# [Problem description]
Each line starting at the one that contains "This digital concept" and ending at the one that contains "Goth Daily Wear" must be returned exactly, and the rest of the listing is left out.

# [Records to process]

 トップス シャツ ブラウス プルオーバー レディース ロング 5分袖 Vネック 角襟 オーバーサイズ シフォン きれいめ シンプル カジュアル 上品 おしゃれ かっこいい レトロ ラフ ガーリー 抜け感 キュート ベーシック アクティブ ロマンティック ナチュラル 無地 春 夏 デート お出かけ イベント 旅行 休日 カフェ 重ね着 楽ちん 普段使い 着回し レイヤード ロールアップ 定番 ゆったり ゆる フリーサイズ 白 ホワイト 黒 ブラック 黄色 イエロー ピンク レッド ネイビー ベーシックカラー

* * *

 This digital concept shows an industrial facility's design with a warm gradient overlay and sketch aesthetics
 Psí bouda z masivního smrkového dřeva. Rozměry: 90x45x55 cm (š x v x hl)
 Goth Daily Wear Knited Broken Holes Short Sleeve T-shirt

# [Answer section]
 This digital concept shows an industrial facility's design with a warm gradient overlay and sketch aesthetics
 Psí bouda z masivního smrkového dřeva. Rozměry: 90x45x55 cm (š x v x hl)
 Goth Daily Wear Knited Broken Holes Short Sleeve T-shirt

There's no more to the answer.